这6个对象每个都是一个单一的数值,每次脚本迭代时会有所不同,所以我想每次迭代结束时运行这些代码100次,并将输出存储在一个列表中。

我该如何做?我考虑过使用 'repeat' 循环,但不确定如何将最终的对象存储在一个列表中,并在完成100次迭代后退出循环。

  1. <details>
  2. <summary>英文:</summary>
  3. I have a long script with a lot of data manipulations, which would be too long to share completely, but I will share some parts as to clarify what I am out for.
  4. There is one function within the script that generates random points, so the final objects I create are always different.
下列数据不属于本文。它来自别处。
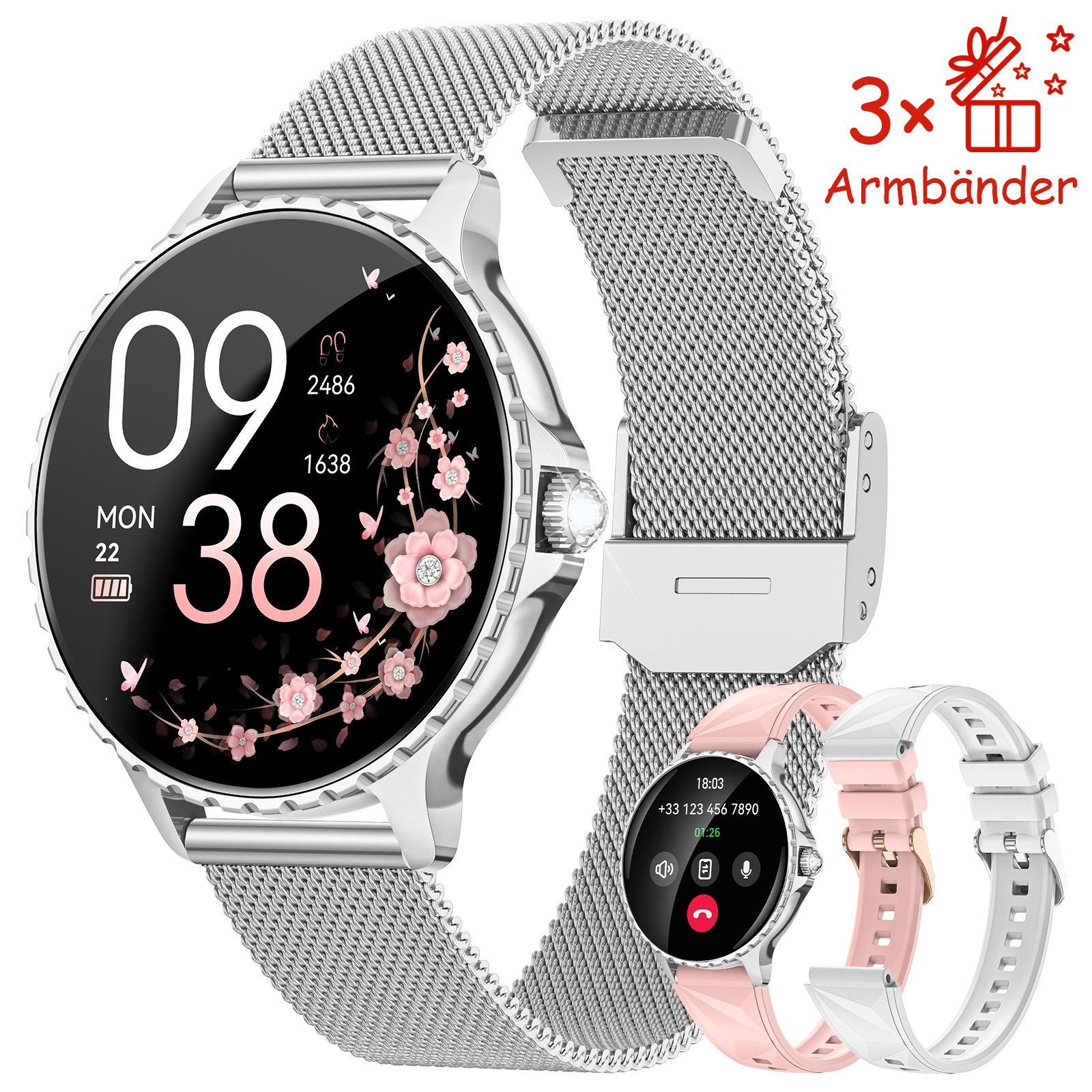 Diese Smartwatch Damen kommt mit einem klassischen Milanaise-Armband in Silber sowie zwei zusätzlichen weichen Silikonarmbändern in Rosa und Weiß. So passt sich der Fitnesstracker flexibel Ihrem Stil an – von sportlich bis elegant. Das florale Kirschblüten-Zifferblatt mit Schmetterlingsmotiv verleiht dieser Sportuhr einen verspielten, romantischen Charakter.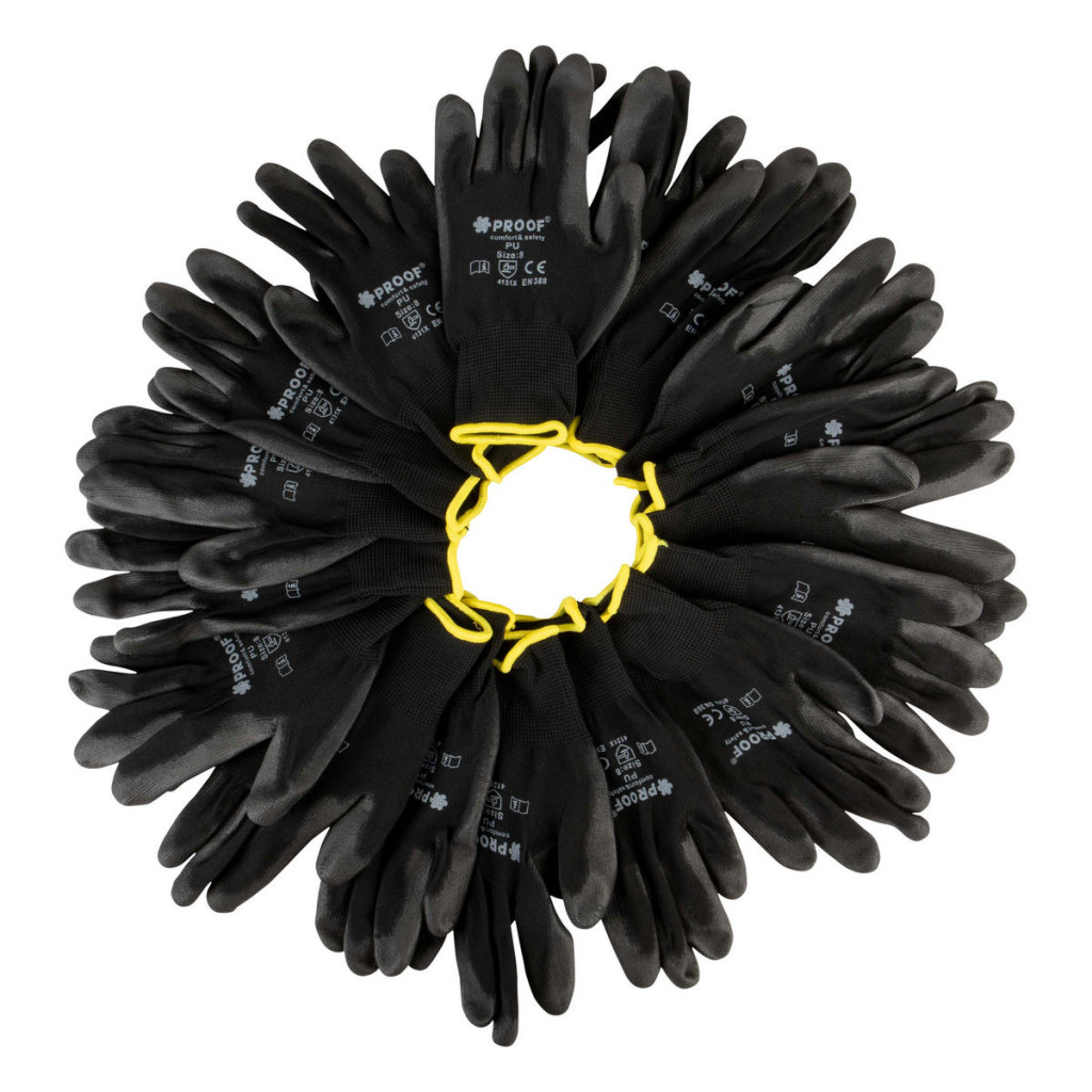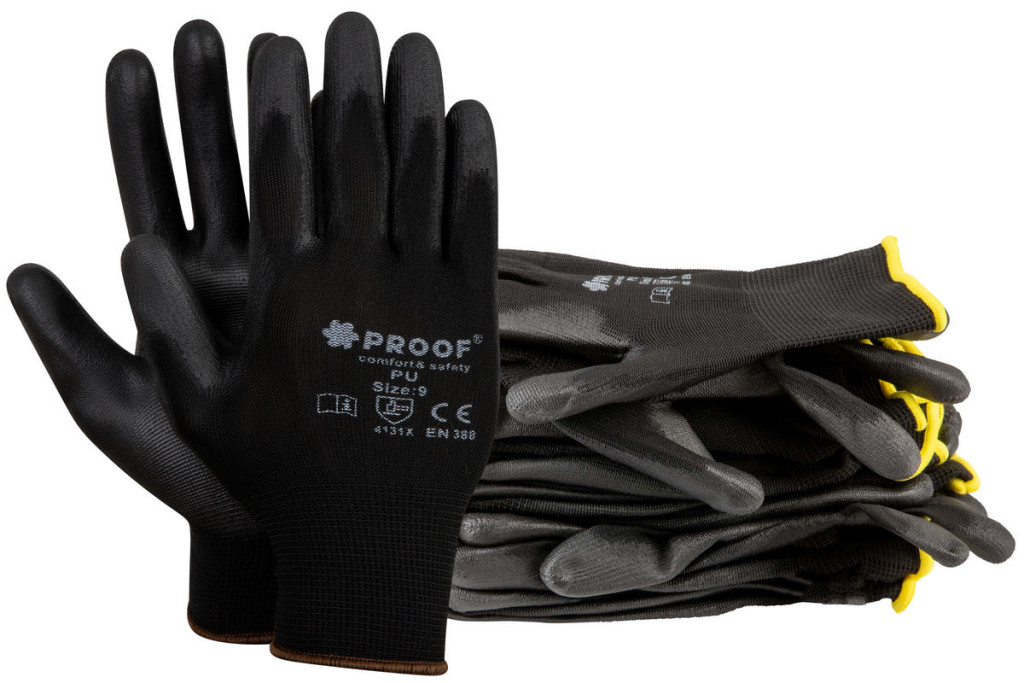 Fekete Poliuretán Bevonatú Kesztyűk - 10 pár, Magas Tapintási Érzékenységgel

What I want to do is loop the entire script 100 times, and store the many resulting objects in a list.
  5. Here is some of the script

area <- read_sf("area_erase.shp")

#List of rasters
agrilist <- sprintf('p%s_agriprop.tif', 1:6)
results_agri <- lapply(agrilist, raster)
results_agri <- setNames(results_agri, agrilist)

#List of second rasters
poplist <- sprintf('p%s_pop.tif', 1:6)
results_pop <- lapply(poplist, raster)
results_pop <- setNames(results_pop, poplist)

#resample one of the rasters
results_agri[[6]] <- resample(results_agri[[6]],results_agri[[5]],method="bilinear")

#stack them
allrasters <- mapply(raster::stack,results_agri,results_pop)

#load in existing points
pointslist <- sprintf('p%s_utm_n.csv', 1:6)
results_points <- lapply(pointslist, read.csv)
results_points <- setNames(results_points, pointslist)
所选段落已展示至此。